Stocks have already seen big gains since their mid-October low, with the S&P 500 rallying 13%, and up 10% so far in the fourth quarter. But those gains are double the median fourth-quarter rally of 5.5%, and the average fourth-quarter rally of 4.3%.
“Additionally, when the S&P rallies above its 50 and 100-day moving average, it looks technically vulnerable as it heads towards its 200-day moving average,” TS Lombard said. That’s exactly what’s happening, as the index backed away from its 200-day moving average in recent days, falling more than 2%.
“Moreover, the rally in equities contrasts with the rates volatility rebound on the recent spate of Fed hawkish speak,” TS Lombard said. The 10-year US Treasury yield has surged nearly 20 basis points over the past two days to 3.77%.
“This week alone we will have a key speech from Powell, US core PCE and a jobs report, followed by an OPEC meeting at the weekend. Then virtually every developed market central bank will report over a two-week period. Plus there will be the US CPI one day before the final Fed meeting of the year, where we will get a new set of projections, dots, and the markets pivot narrative will be put to the test,” TS Lombard said.
That’s a lot of volatile events for investors to digest in such a short period of time, and it could ultimately lead to big downside moves in the stock market.
As yield curves turn inverted, the writing is on the wall: an economic recession is imminent. That’s been TS Lombard’s base case since the summer, and the effects of a economy slow walking into a recession means investor sentiment is likely to plummet.
“It is important to note that as the economy deteriorates into a recession, adverse sentiment kicks in and things tend to become non-linear, accelerating the slowdown.
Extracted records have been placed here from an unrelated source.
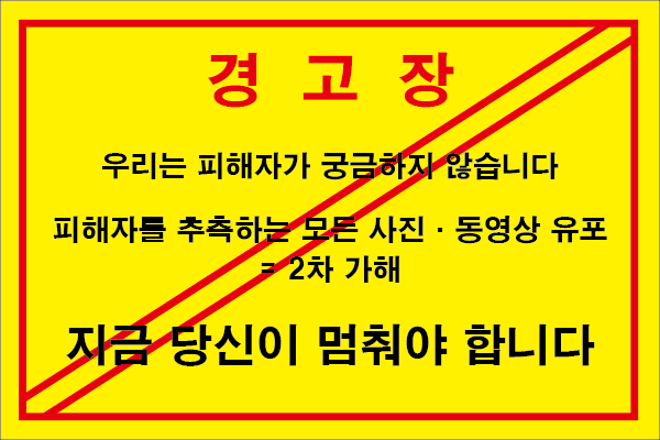 ˝경고장에서 ‘피해자가 궁금하지 않다’는 건 문자 그대로 궁금하지 않다는 것이 아닙니다. 피해자를 호기심에 뒤지고, 동영상을 올린다거나 사진을 올리고 유포하는 행위를 통해 발생하는 폭력에 가담하지 않겠다는 뜻입니다. 공정한 수사를 통해 가해 사실이 정확하게 밝혀지고 그에 맞는 처벌을 받는 것에 집중하고 싶다는 뜻입니다. 피해가 아닌 가해에 집중해야 하기 때문입니다.
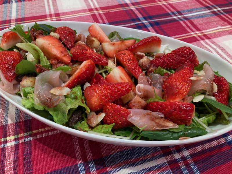 - 器にリーフ類・生ハム・レーズン・スライスアーモンド・クルトン・いちごをのせ、
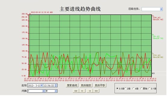 4.2. 趨勢(shì)曲線:實(shí)現(xiàn)了用戶所要求的通過對(duì)各配電回路的電壓、電流或功率繪制趨勢(shì)曲線,分析該回路配電運(yùn)行工況
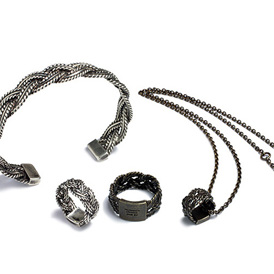 中国鞋网10月15日讯,日本时尚品牌NUMBER(N)INE最近再度与配饰品牌JAMHOMEMADE携手,为今年秋冬打造了一系列配饰单品。新系列在设计上主要是以编织金属为主轴,并利用这种独特造型的银和黄铜材质,打造了Bangle手镯、戒指和项链等多款单品。据悉该系列将于10月18日起在JAMHOMEMADE限量发售。(合作媒... -

Correspondingly, volatility tends to rise form half a year before the recession begins, spiking at the start of the recession,” TS Lombard said.
Altogether, the heightened risk for the economy and volatility means that while the end of the year tends to be positive for the stock market based on seasonals, there’s high likelihood that bearish fundamentals could dominate and lead to a fizzled out rally.